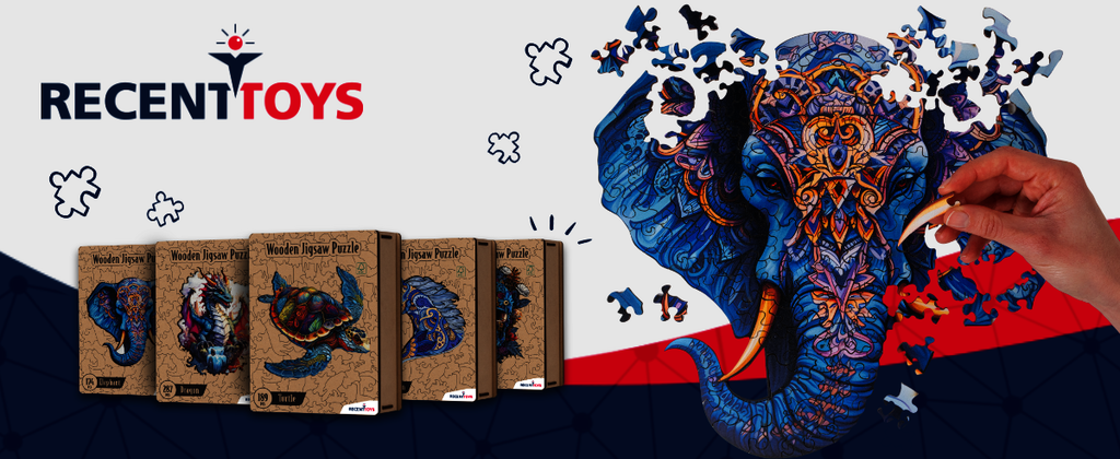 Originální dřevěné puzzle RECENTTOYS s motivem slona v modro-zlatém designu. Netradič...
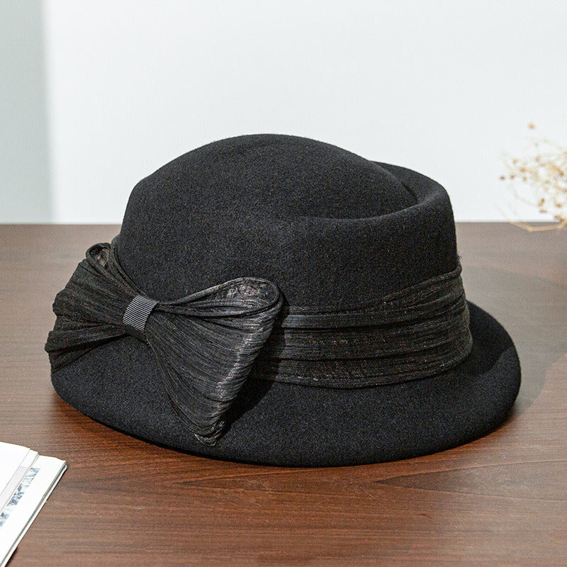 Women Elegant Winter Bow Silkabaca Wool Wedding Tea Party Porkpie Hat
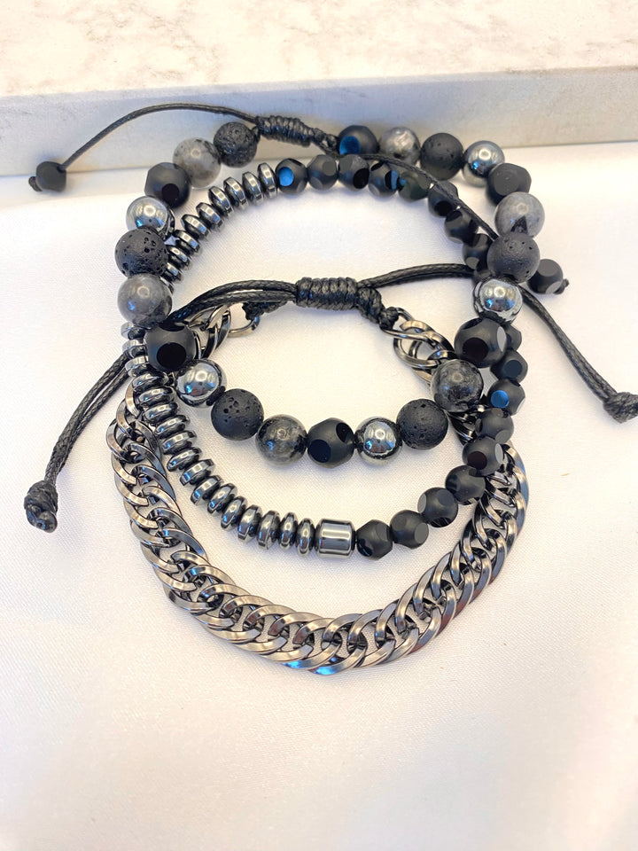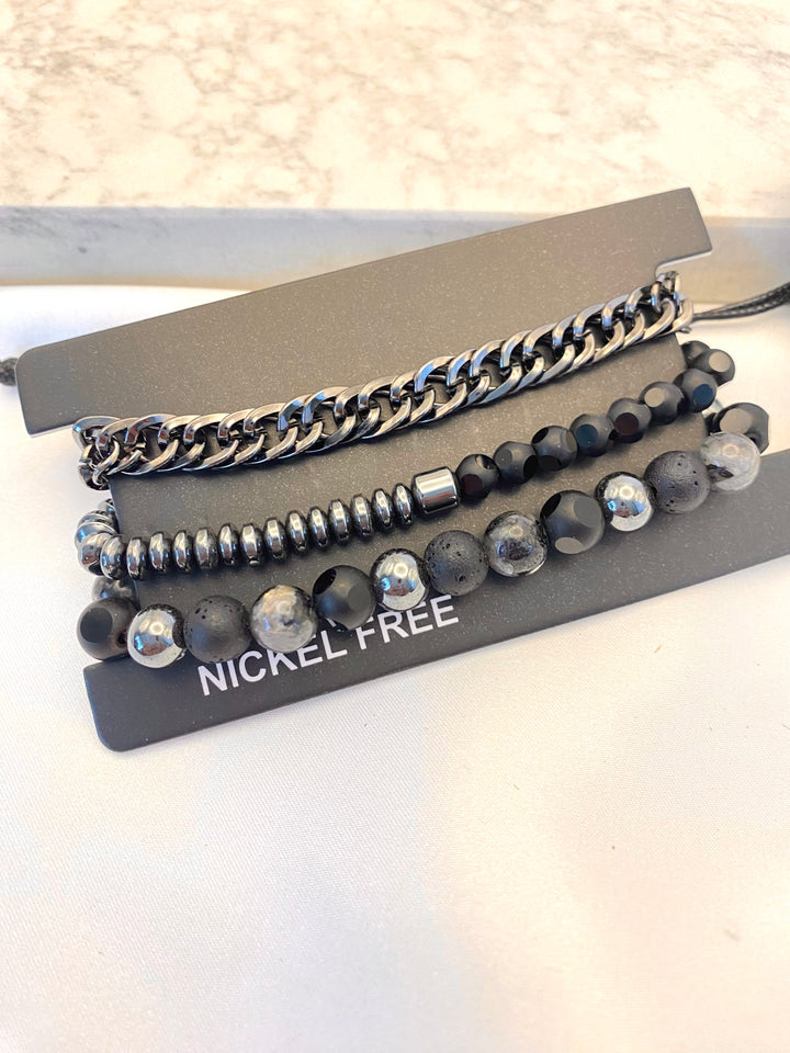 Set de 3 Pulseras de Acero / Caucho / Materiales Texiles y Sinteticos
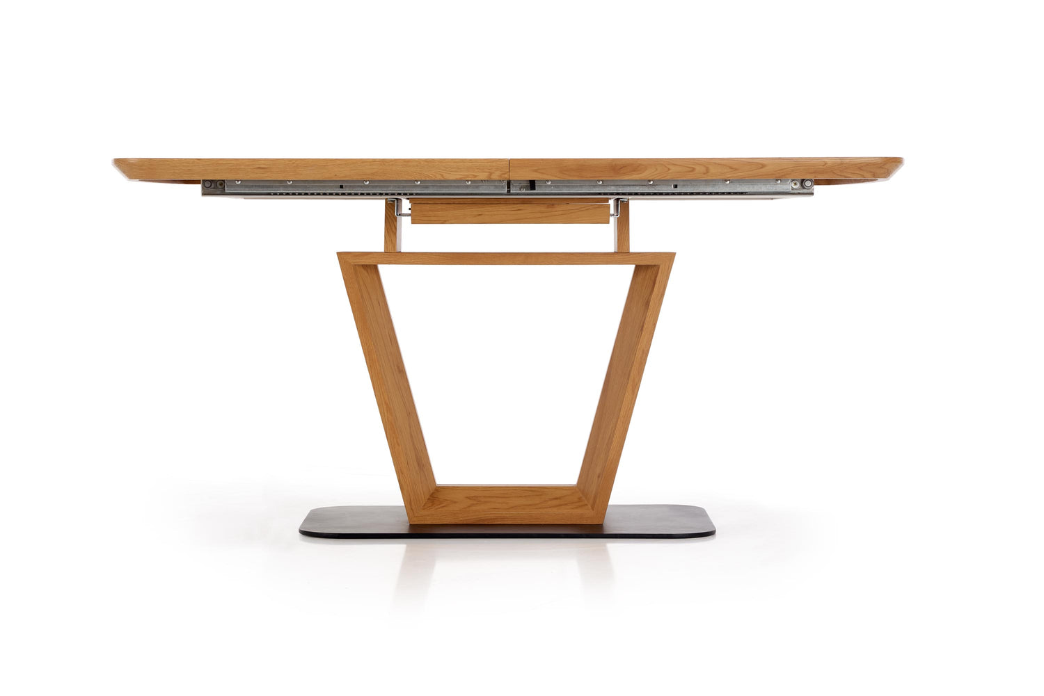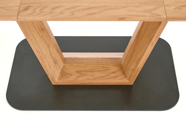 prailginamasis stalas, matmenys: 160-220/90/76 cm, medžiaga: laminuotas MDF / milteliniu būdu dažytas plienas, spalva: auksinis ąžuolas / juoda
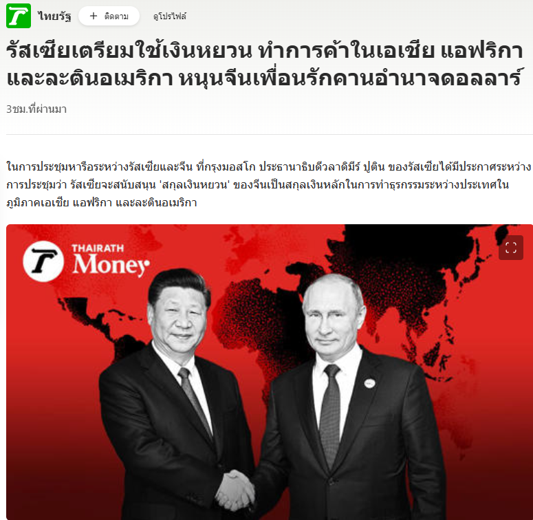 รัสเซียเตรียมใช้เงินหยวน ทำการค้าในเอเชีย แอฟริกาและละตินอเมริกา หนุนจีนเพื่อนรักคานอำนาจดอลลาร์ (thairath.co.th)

####

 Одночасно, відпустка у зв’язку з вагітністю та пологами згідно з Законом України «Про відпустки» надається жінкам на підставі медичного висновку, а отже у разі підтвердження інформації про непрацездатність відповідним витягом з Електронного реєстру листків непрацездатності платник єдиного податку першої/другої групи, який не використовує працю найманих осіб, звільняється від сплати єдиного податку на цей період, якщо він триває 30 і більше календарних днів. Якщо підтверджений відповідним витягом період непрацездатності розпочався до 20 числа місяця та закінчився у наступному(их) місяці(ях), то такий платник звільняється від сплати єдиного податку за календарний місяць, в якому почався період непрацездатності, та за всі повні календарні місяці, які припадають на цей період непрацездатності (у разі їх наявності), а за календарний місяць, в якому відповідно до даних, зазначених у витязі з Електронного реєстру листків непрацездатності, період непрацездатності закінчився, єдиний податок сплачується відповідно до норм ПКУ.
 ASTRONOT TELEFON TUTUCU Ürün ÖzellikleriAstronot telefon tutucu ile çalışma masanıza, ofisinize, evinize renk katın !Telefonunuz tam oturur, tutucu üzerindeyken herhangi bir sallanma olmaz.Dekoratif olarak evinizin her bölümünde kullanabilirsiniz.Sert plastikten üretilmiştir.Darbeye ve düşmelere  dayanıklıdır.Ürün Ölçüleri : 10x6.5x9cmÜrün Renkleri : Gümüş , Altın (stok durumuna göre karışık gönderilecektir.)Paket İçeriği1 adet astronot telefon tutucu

####

Everything above from the line containing "Set de 3 Pulseras" through the line containing "รัสเซียเตรียมใช้เงินหยวน ทำการค้าในเอเชีย แอฟริกาและละตินอเมริกา" must be repeated exactly, and the pictures must be left out.

> OUTPUT FOR THIS EXERCISE
 Set de 3 Pulseras de Acero / Caucho / Materiales Texiles y Sinteticos
 prailginamasis stalas, matmenys: 160-220/90/76 cm, medžiaga: laminuotas MDF / milteliniu būdu dažytas plienas, spalva: auksinis ąžuolas / juoda
 รัสเซียเตรียมใช้เงินหยวน ทำการค้าในเอเชีย แอฟริกาและละตินอเมริกา หนุนจีนเพื่อนรักคานอำนาจดอลลาร์ (thairath.co.th)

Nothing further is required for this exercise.